Like the rest of Tennessee, the percentage of people who live below the poverty line in Chattanooga is astoundingly high – 25 percent of Chattanoogans are low-income and close to 40 percent of Chattanooga households belong to minority communities. Most of them live in inefficient housing and have a high energy burden compared to higher-income residents.
Energy burden is the percentage of household income spent on home energy bills. The American Council for an Energy-Efficient Economy (ACEEE) has found that low-income minority households across the country spend more of their income on home energy costs than the average household. Families with high energy burdens often suffer long-term health impacts and have a harder time escaping poverty than other households.
The Southeast leads the nation in poverty and lags behind the rest of the nation in the deployment of energy efficiency and the realization of associated benefits. Per capita spending on energy efficiency programs in Tennessee is well below the national average. TN ranks 25/51 on ACEEE’s 2016 State Energy Efficiency Scorecard. While TVA does offer some energy efficiency programs, they are smaller than many other utilities’ programs, and low-income households are often unable to access them due to a lack of access to capital and other barriers.
Fortunately, TVA is looking at options for addressing energy burdens across the Valley.
Local Chattanooga nonprofit green|spaces worked for over a year to build trust with community members to provide them with an opportunity to speak for themselves at meetings like this one. When SACE began helping to organize community meetings with TVA across the Valley, local advocates were eager and up for the task in Chattanooga.
Community members who attended the meeting talked about a variety of obstacles that they and other Chattanoogans experience around making their homes more energy efficient and lowering their energy burden. “Fear and lacking” sum them up: lack of trust in utilities and other authorities, lack of access to information and programs, lack of money, lack of education, lack of communication, lack of accountable and ethical landlords, lack of time, lack of well-designed programs, lack of insulation, lack of sealed doors and windows, and lack of well-built homes, to name a few.

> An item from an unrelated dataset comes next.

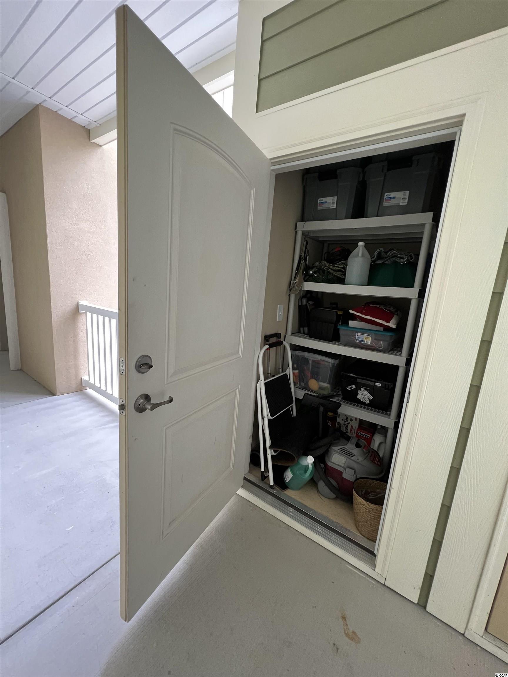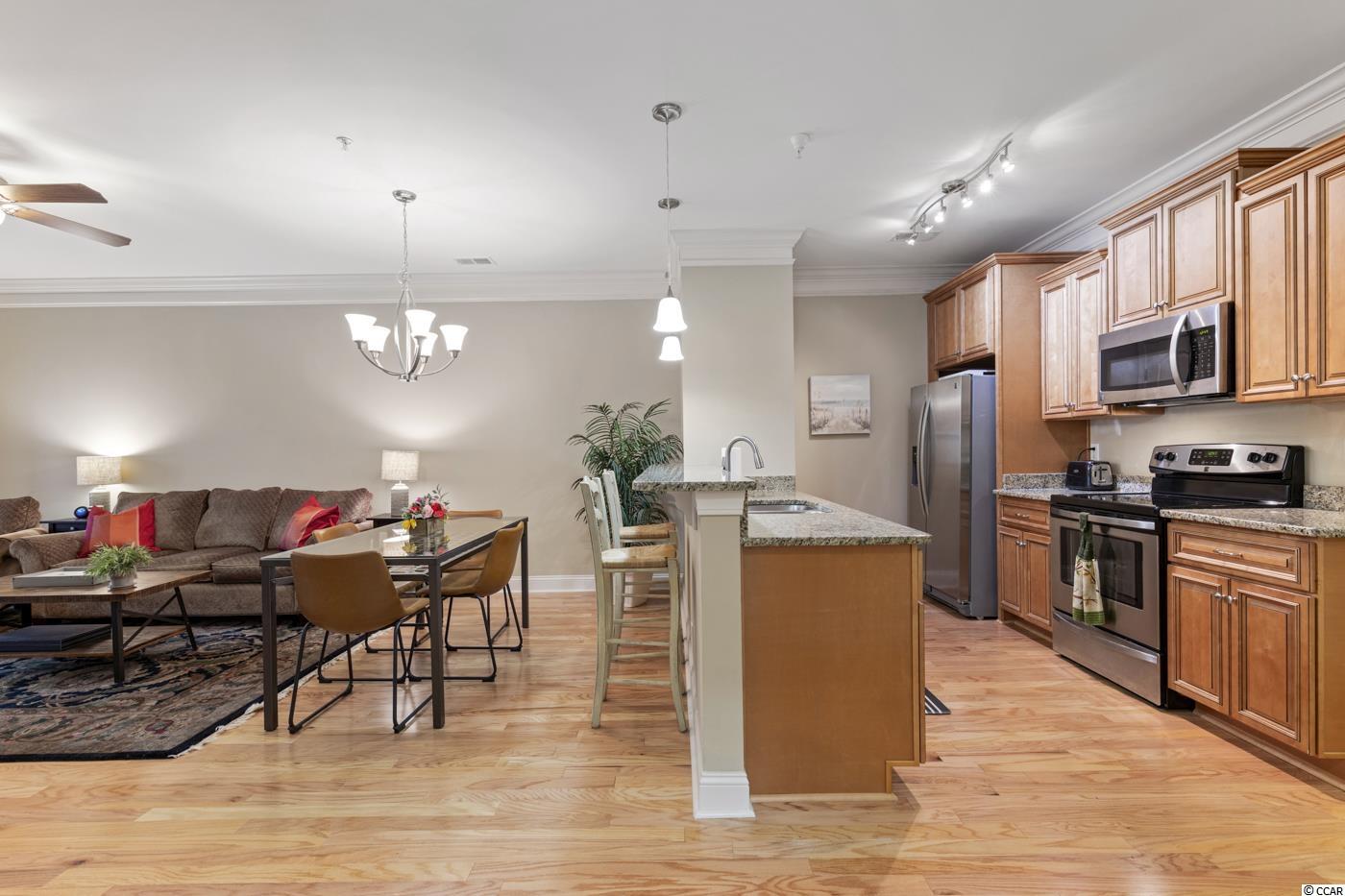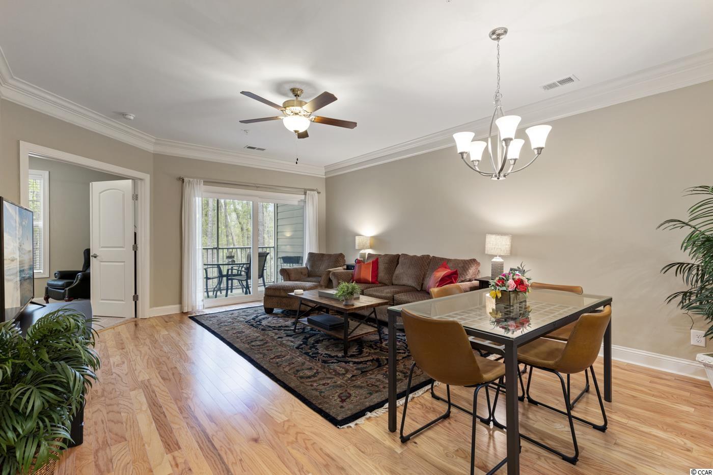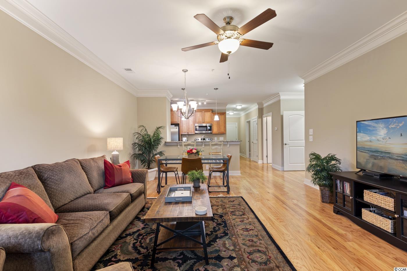 Move in READY! Take the elevator or the stairs to this beautiful single level living condo that offers an open floorplan and a view of WOODS off the screened in porch. Spacious kitchen with granite countertops, stainless steel appliances, pantry and breakfast bar. It has a coat closet!!! Hardwood floors throughout the main living area. Carpet in the three bedrooms with tile in bathrooms and laundry room. Owner's suite offers two walk in closets and a private bath with a walk in shower. Right outside the front door is a private large storage closet for you to hang your bike and store your golf clubs and beach chairs. Conveniently located within walking distance to popular area restaurants, shopping, the public library and you can ride your golf cart or bike to THE BEACH!

Some community members spoke of homes that are so deteriorated that they fear that they will be condemned if they call attention to them, and told stories of friends who had experienced just that. Experiences like these can help to inform the design of new energy efficiency programs on obstacles that planners might not otherwise know about.
In the end, one participant recapped and asked TVA for help: “We live in old houses, we’re low income, and we need help. TVA needs to do a massive overhaul – if you’re going to do something, it needs to be something big.”
Addressing the challenges highlighted by the stories shared at the Chattanooga meeting is complex and requires commitment and leadership. TVA has convened an Energy Efficiency Information Exchange working group that includes staff from TVA, local power companies, academic institutions, non-profit organizations, including SACE and green|spaces, and others to work together to solve the problem of high energy burdens. SACE looks forward to continuing to engage through the working group, and we will be working to emphasize the concerns and insights provided by community members across the Valley in our ongoing efforts.